Liang Ma1,2, Hong-Ling Wei3,4, Ke-Jie Wang3,4, Xiang-Yu Meng3,4, Sai-Qi Ni3,4, Cheng Zhou5, Yi Li6, Rui Yu1, Qi Ma2,3,4,5
  • 1Medical School, Ningbo University, Ningbo, Zhejiang 315211, China
  • 2Comprehensive Urogenital Cancer Center, Ningbo First Hospital, The Affiliated Hospital of Ningbo University, Ningbo, Zhejiang 315010, China
  • 3Translational Research Laboratory for Urology, The Key Laboratory of Ningbo City, Ningbo First Hospital, The Affiliated Hospital of Ningbo University, Ningbo, Zhejiang 315010, China
  • 4Ningbo Clinical Research Center for Urological Disease, Ningbo, Zhejiang 315010, China
  • 5Department of Urology, Ningbo First Hospital, The Affiliated Hospital of Ningbo University, Ningbo, Zhejiang 315010, China
  • 6Department of Urology, The Second Affiliated Hospital, School of Medicine Zhejiang University, Hangzhou, Zhejiang 310009, China
* Equal contribution
Received: March 22, 2022Accepted: August 3, 2022Published: August 19, 2022
https://doi.org/10.18632/aging.204236

Copyright: © 2022 Ma et al.
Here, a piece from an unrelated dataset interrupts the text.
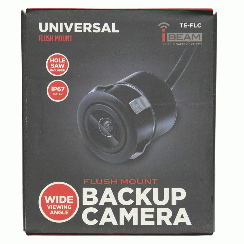 Our iBeam Flush Mount Backup Camera is a fast and easy solution to increasing driver safety. The universal flush mount is integrated into the body of the vehicle for an unobtrusive camera with only the lens visible. A wide angle lens provides a 110 degree viewing angle and sharp picture from the 1/4 inch CMOS camera which has 0.6 lux night vision. The camera is inside high quality metal housing with water resistant construction.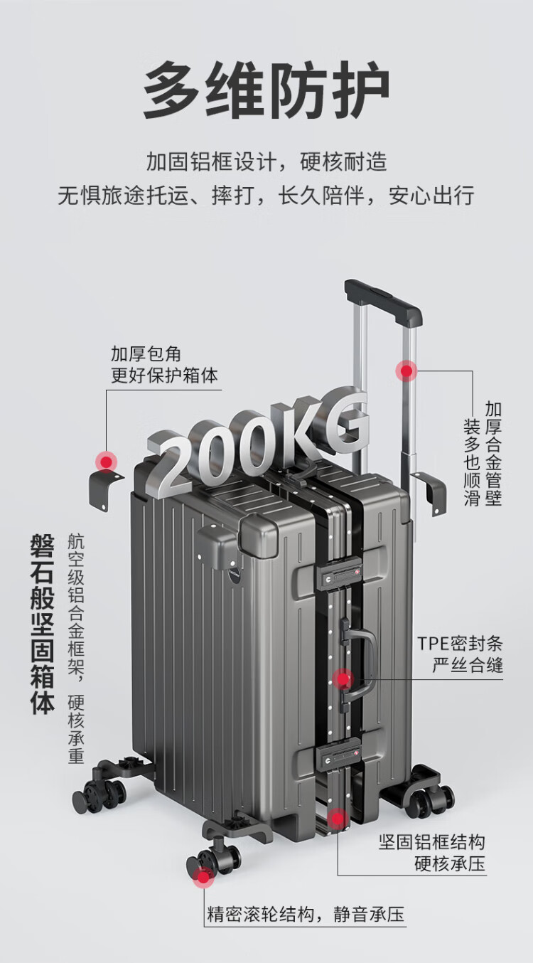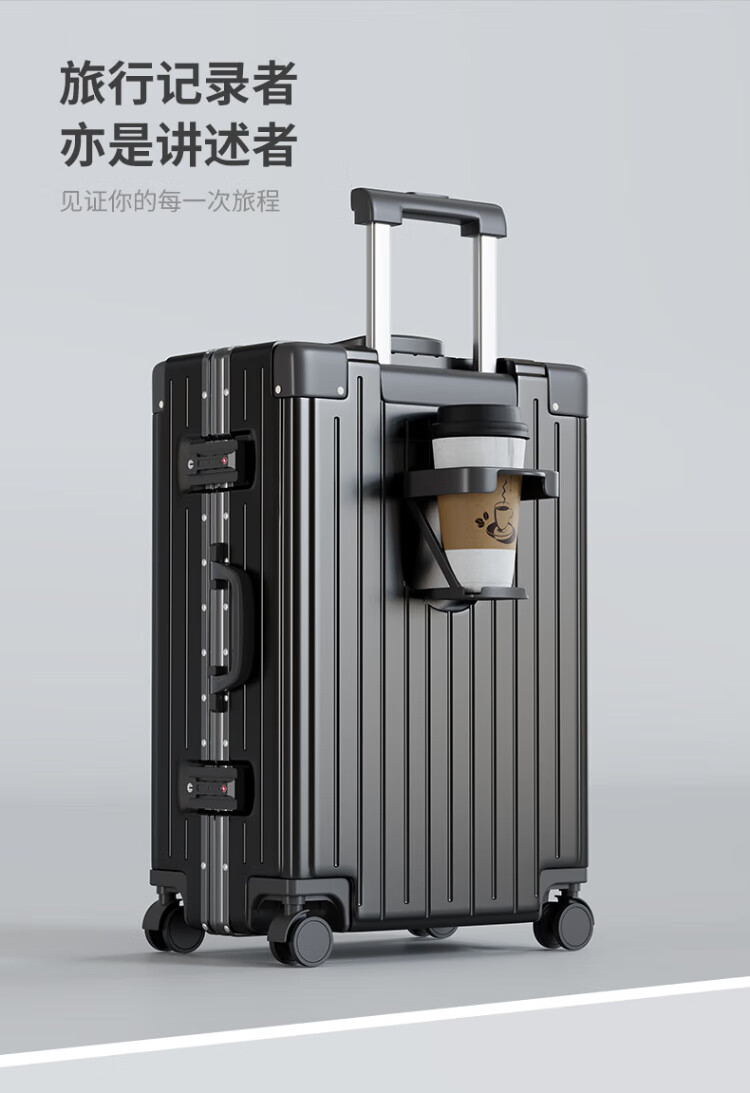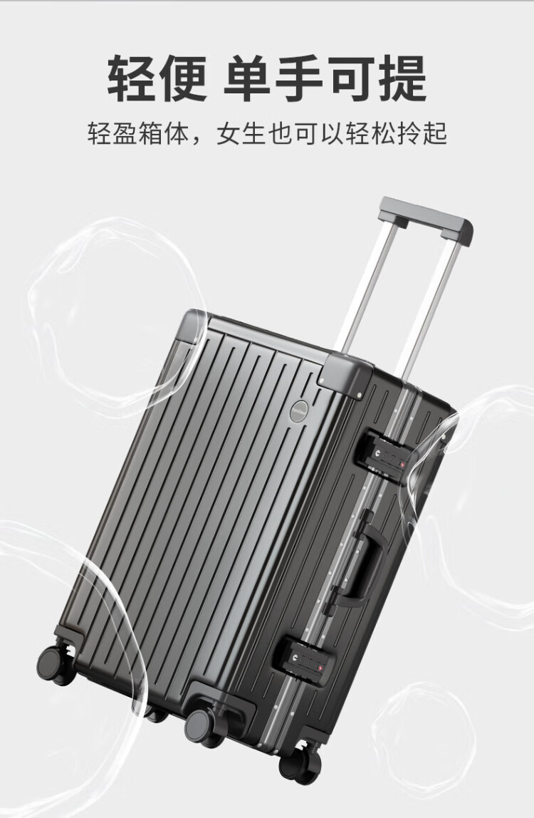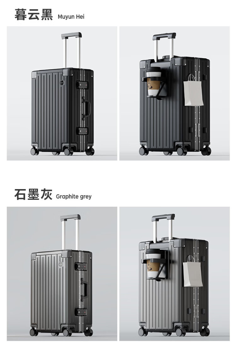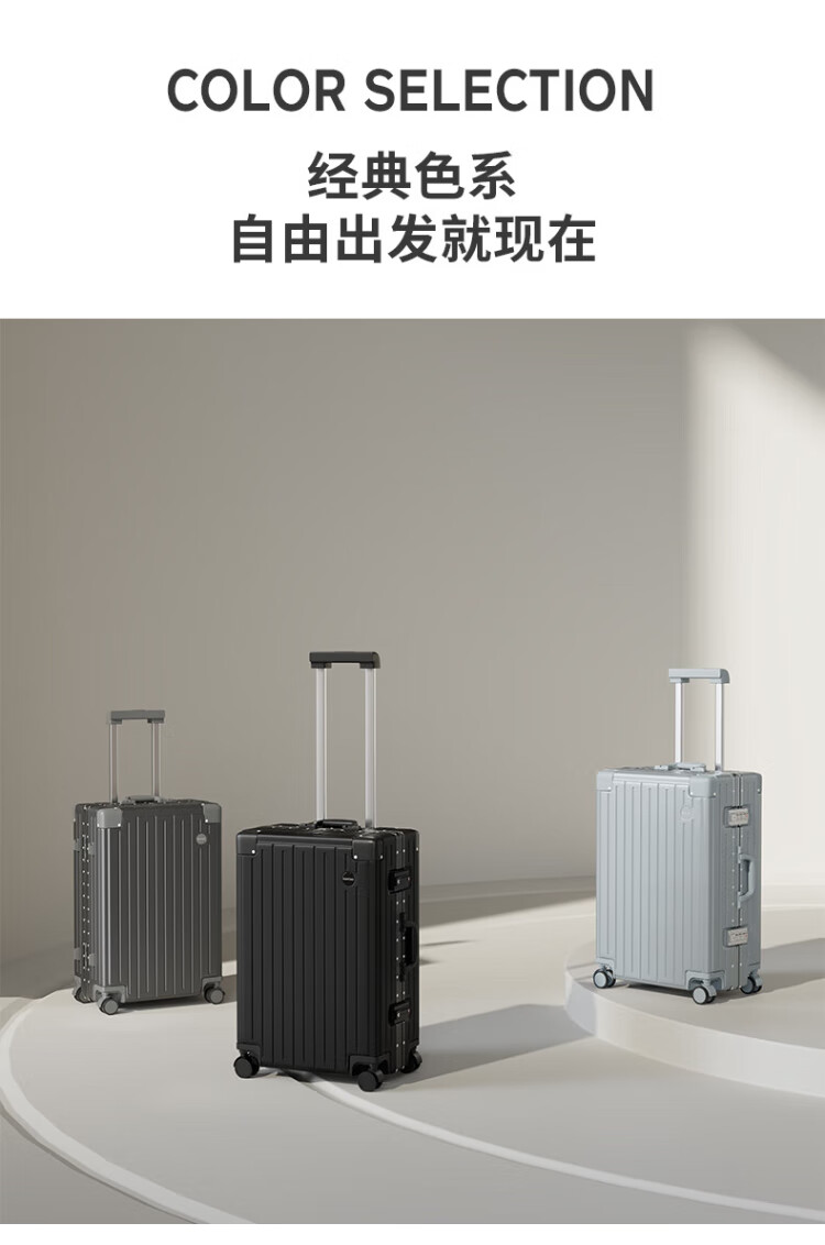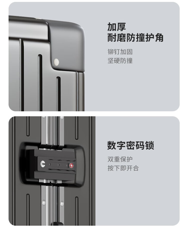 Fandia aluminum frame suitcase men's 26-inch trolley case large size aircraft suitcase aviation password box women's leather suitcase gray

This is an open access article distributed under the terms of the Creative Commons Attribution License (CC BY 3.0), which permits unrestricted use, distribution, and reproduction in any medium, provided the original author and source are credited.

Abstract

Tumor necrosis factor-related apoptosis-inducing ligand (TRAIL) combined with sensitizer is a potential method to reverse TRAIL-resistance in tumor cells. Rhein (RH) is a monomer extracted from Chinese herbs that has been reported to show anti-tumor effects in a variety of tumor cells, but the role of RH in TRAIL-induced anti-tumor effects in bladder cancer cells has not been reported. In this study, we found that the combined treatment of a non-toxic concentration of RH with TRAIL significantly inhibited the proliferation and induced apoptosis in both TRAIL sensitive and resistant bladder cancer cell lines. Furthermore, we found that RH promoted bladder cancer cell apoptosis by up-regulating DR5 expression. Our findings provide potential value in the clinical treatment of bladder cancer.